We obtained gene expression TPM data from 289 COAD samples and 41 adjacent normal tissue samples, which included 60,498 genes. The QC analyzing result showed that the median and the quartile log 2 TPM value are similar between adjacent normal samples and cancer samples, indicating they are comparable (Fig. S1). We used PCA to identify the possible outlier samples, and found that all the samples are located in the confidential ellipse (Fig. 1A). We thus remained all of the samples to further analysis. To determine if metabolism-related genes influenced COAD, we first obtained 3,288 metabolism genes in RECON3, a most comprehensive human metabolic network model (Brunk et al., 2018). We removed lowly expressed genes (TPM <1) from the COAD and normal samples, and thus acquired 2,722 genes. We then determined DEGs in COAD compared with the normal tissue samples using ANOVA in R. We identified 2,114 DEGs with a cutoff of p < 0.01 (Fig. 1B), which included 1224 highly expressed genes and 890 lowly expressed genes (Table S1). The profiles of the 2,114 DEGs are shown with heatmap in Fig. 1C.

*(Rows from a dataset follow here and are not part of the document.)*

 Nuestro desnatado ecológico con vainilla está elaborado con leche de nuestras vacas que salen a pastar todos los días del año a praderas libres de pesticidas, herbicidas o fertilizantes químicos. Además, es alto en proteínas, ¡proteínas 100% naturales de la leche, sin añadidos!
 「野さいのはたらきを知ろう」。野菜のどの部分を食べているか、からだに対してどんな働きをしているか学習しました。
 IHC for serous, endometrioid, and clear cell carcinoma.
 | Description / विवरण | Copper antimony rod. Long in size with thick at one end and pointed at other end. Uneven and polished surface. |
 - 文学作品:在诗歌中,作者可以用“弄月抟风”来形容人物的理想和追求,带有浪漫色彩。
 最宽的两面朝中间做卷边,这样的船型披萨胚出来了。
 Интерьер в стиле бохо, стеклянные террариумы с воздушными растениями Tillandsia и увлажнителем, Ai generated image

The metabolism related DEGs in COAD.

Figure 1: The metabolism related DEGs in COAD.

(A) The PCA was performed based on gene TPM of COAD and normal samples. (B) X-axis and y-axis of the Volcano plot represent gene expression fold-changes and negative logarithm to the base 10 of p-values, respectively. Red nodes indicate DEGs up regulated in COAD with p-value of <0.01. Blue nodes indicate DEGs down regulated in COAD with p-value of <0.01. (C) The heatmap of metabolism related DEGs in COAD. Each column represents a sample and each row represents one gene.

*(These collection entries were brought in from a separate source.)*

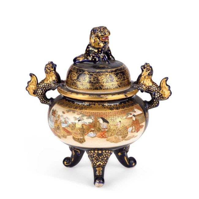 the cobalt and gilt ground painted with panels of aristocrats and attendants in landscape settings, applied with shi-shi handles and surmounted by a shi-shi finial, signed. 23cm high
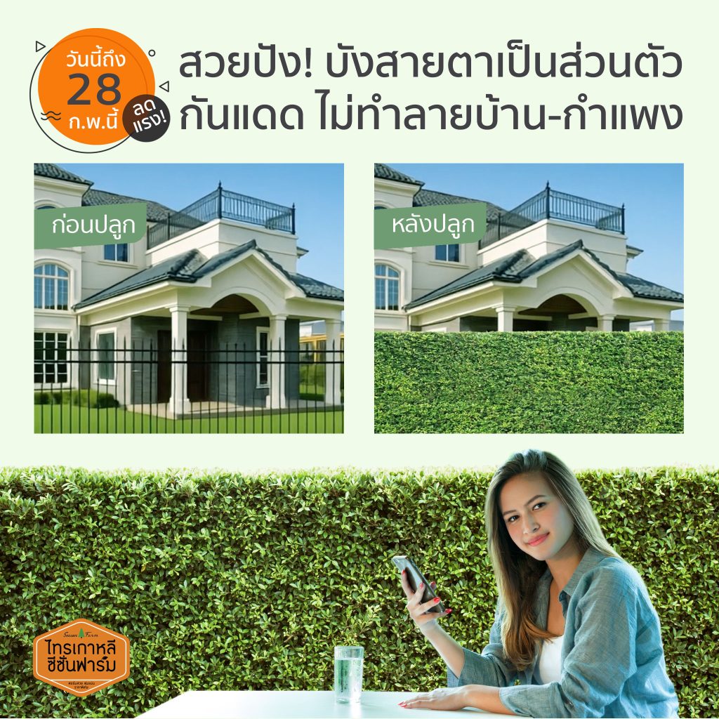 ปลูกปุ๊บ สวยปั๊บ ไม่ต้องทำรั้วหรือกำแพงแล้วแถมยังประหยัดเงินเป็นหมื่นเป็นแสนบาทได้อีกด้วย ไม่ว่าท่านจะอยู่ที่ใดในประเทศ ทั้งโรงแรม รีสอร์ต สนามกอล์ฟ โรงงาน ร้านอาหาร คอนโดมีเนียม บ้านจัดสรร บ้านเดี่ยว ทาวน์เฮาส์ ฯลฯ
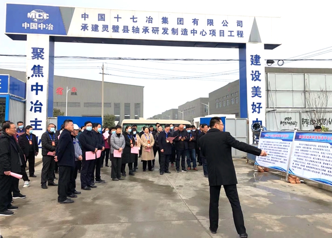 12月2日,宿州市五届人大代表灵璧代表团、灵璧县委书记刘博夫率领的环驰轴承集团有限公司考察团先后到十七冶南京分公司承建的灵璧县轴承研发制造中心项目观摩考察。
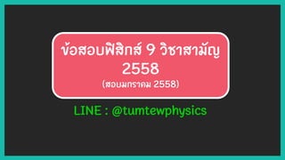 ข้อสอบฟิสิกส์ 9 วิชาสามัญ2558 LINE : @tumtewphysics
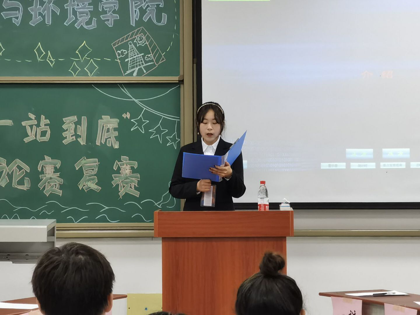 然后进行的是复活赛,三支未获胜的队伍在这场比赛中选取主题并进行5分钟的解释说明。环科类22005班给评委留下了深刻的印象,成功复活。

Metabolism gene co-expression network constructed by WGCNA

To explore the hub metabolism-related genes in COAD, we analyzed the co-expression network of the 2,114 DEGs using WGCNA. The power value is the most critical parameter that can affect the independence and average connectivity degree of co-expression modules. We screened network topology using different soft thresholding powers for later analysis (Figs. 2A, 2B). The scale-free R2 equated to 0.90 at the power value of six. Therefore, the power value of six was used to construct the co-expression network with WGCNA, which was based on the hierarchical clustering of the calculated dissimilarities. The distance between clusters was defined as the average distance between all inter-cluster pairs. With a cutHeight of 0.25 (Fig. 2C) and minimum gene number of 30, we merged the modules, with 12 then obtained (Fig. 2D). We randomly selected 500 genes in the hierarchical clustering results, with the rows and columns representing each gene in each module. The deep red color indicated high topological overlap, suggesting that the co-expressed genes had similarity at the network topology level (Fig. 2E, Fig. S2).

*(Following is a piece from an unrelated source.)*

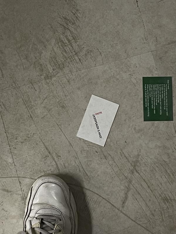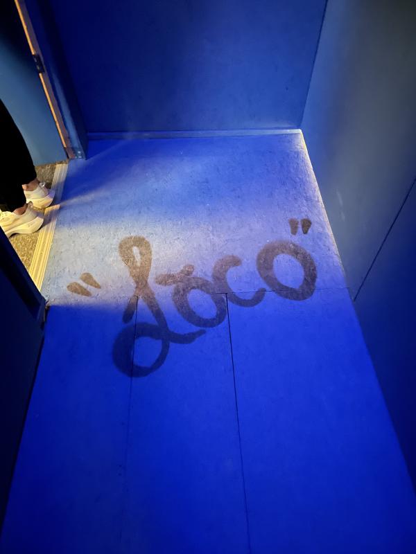 To the side, past the counter, there was a door through to the back. It was ajar, a little grid window giving me a sneak peek of the corridor and its electric blue chipboard walls. There were stars spray painted in little clusters at eye level, as big as dinner plates, or maybe my hand if I splayed it out flat. The corridor was wide enough for one person, two if you both skimmed past each other with your back against the wall. Down the end, dark and moody, was a door with a digital keypad. The numbers flashed up on a touchscreen. I stared at it for 10 seconds, it beeped off. Someone came to whisper to me, ’there are clues if you know where to look for them’. Puzzled, I went back to the main shop. It was bare except for the business cards, so I stooped to pick one up. It was forest green, matte with white text.

Twelve WGCNA modules of DEGs in COAD.

Figure 2: Twelve WGCNA modules of DEGs in COAD.

(A–B) Soft-thresholding power analysis plot to fit the index of network topology. (C) Dendrogram of consensus module eigengenes from WGCNA analysis. The red line is the merging threshold, and groups of eigengenes below the threshold correlation need merged. (D) Hierarchical plot of co-expression clusters with corresponding color assignments. Each color represents a co-expression module by WGCNA. (E) Heatmap of the Topological Overlap Matrix (TOM) among 500 randomly selected genes from the DEG weighted co-expression network. Light and deep colors represent lower and higher overlap, respectively.

Identifying genes in red module associated with histological typing

To investigate the modules associated with clinical traits, we analyzed the module trait relationship. We first convert clinical trait data into variables which expressed in quantitative form, next we quantify gene relationship to clinical traits and important modules by using the gene significance and module membership (MM) measures. The results showed that the red module was significantly but negatively correlated with COAD clinical histological typing (r =  − 0.33, p = 4e−08) (Fig. 3A). We also tested the relevance between each module and COAD clinical traits. The red module demonstrated much higher module significance than any other module, suggesting its stronger connection with COAD histological typing (Fig. 3B), viz., non-mucin-producing colon adenocarcinoma (N-COAD) and mucin-producing colon adenocarcinoma (M-COAD). Red module membership was also significantly correlated with gene significance (Fig. 3C). Taken together, our results indicated that the red module was significantly correlated to COAD histological typing.

Correlation of Red module with clinical histological type.

Figure 3: Correlation of Red module with clinical histological type.

(A) Heatmap of model-trait relationship. Each cell include the the corresponding correlation and p-value. Each row and column corresponds to a module eigengene and a COAD clinical trait,respectively. The result indicated that the MEred module is highly correlated with the histological type with the p-value of 4e–8. COAD clinical traits(histology type: M-COAD,N-COAD; os_month:survival time(months); os_status:deceased or living; stage:AJCC_PATHOLOGIC_TUMOR_STAGE; M:AJCC_METASTASIS_PATHOLOGIC_PM; N:AJCC_NODES_PATHOLOGIC_PN; T: AJCC_TUMOR_PATHOLOGIC_PT_). (B) Bar plot of gene significance across the WGCNA modules.The red module shows much higher GS than any other modules (C) Correlation between MEred membership and gene significance. (D) GO and (E) KEGG enrichment analysis of 199 genes in MEred. Y-axis is the significance of the enrichment results with the ‘–log10 (adjusted p-value)’.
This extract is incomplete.